Distribution of data among servers, replication, locality

Addressing

Some possibilities

Structured, Unstructured
Random, Hashes, Sequential
User-specified, generated
Need at least 2^48 capacity for objects
- Hence, unstructured addresses probably need to be at least 2^64
- 64 * 2^30 bytes/machine * 2^14 machines = 2^50 bytes, 2^50 bytes/2^7 bytes/obj = 2^48 objects

Sequential and Structured

Temporal id locality
- Gives clients some means to control locality, if that can be used to advantage
Allocation could be tricky to make practical in a distributed setting
How many tables does a typical (or large) RDBMS have?
How many applications do we expect to support in a single RAMCloud instance?

application (16 bit)

table (16 bit)

address (64 bit)

Random

Smaller ids (64-bit?)
- Not if we want these to look like capabilities
Simple to make fast
Not meaningful to client (both a plus and minus)
Indexing must be done by clients and stored in the cloud
- Akin to FriendFeed's setup

Distribution

How much metadata space is needed for all tables/applications?
- Up to 2^48 objects, 128 bit (16 byte) key, size (4-8 bytes), permissions or appid if not in address (2-4 bytes)
- (2^43)*16/2^40 = 128 TB
How does metadata replication occur and what is the frequency?

Effects

+ Capacity
- Strictly necessary for this reason alone
+ Throughput/Latency
- + Avoid hot spots
- Multiple hosts can service requests in parallel
- Do either of these matter if nodes can handle 1M requests/sec?
- Throughput/Latency
- Cost to map address -> shard, shard -> host on client
- Cost to map address -> metadata (physical location, size, and permissions)
- Consistency
- Reliability

How do durability and reliability tie in to the discussion?

Approaches

Mapping/Address Space Paritioning

RAMCloud Address -> Metadata as quickly as possible (e.g. with as few requests and as little processing as possible) where metadata includes physical address, size, and permissions at least.
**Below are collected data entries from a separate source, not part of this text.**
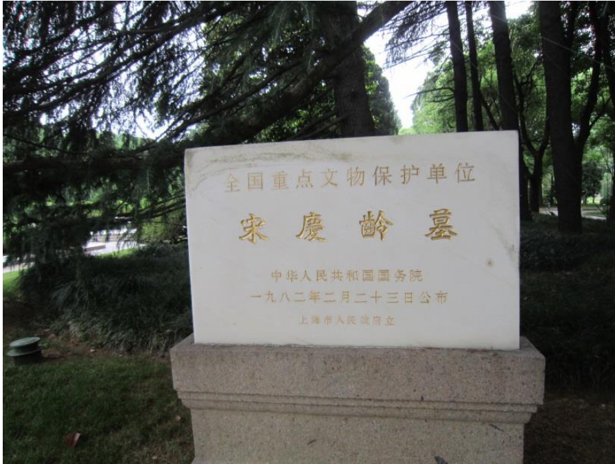
37 Shanghai: Song Qingling Tomb heritage plaque ©2018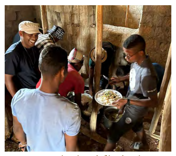
Meal at the end of hard work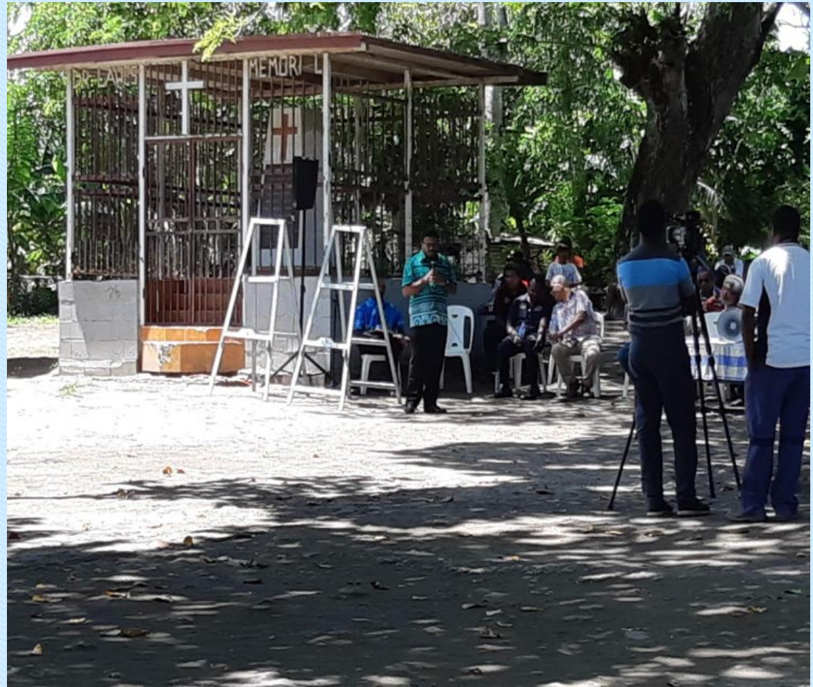
2019 Court User Forum at Hula Village - Central Province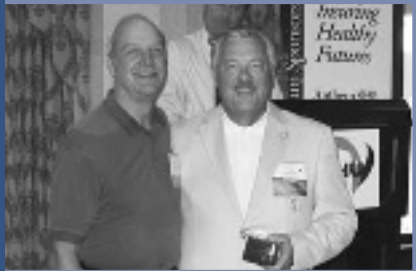
Delta Dental Plan of Wisconsin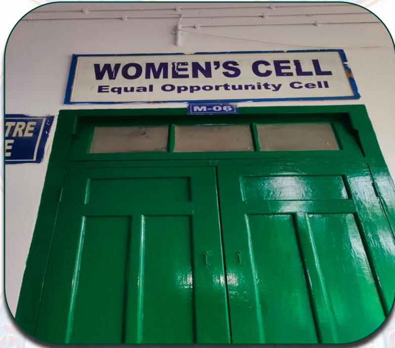
Equal Opportunity Cell

Ensures inclusive access and equal opportunities for all.

Ideal: 0 network messages and O(1) address to host mapping time with high probability

Implies all clients are aware of mapping.

Possibly only update mapping on lookup failures. Requests to incorrect host reply with mapping correction.

Complication: access-control requires highly-consistent mapping replication if control is on addresses (e.g. the application/table is part of the structured address).

Objects (likely as whole shards) may need to relocate due failures, load, or capacity.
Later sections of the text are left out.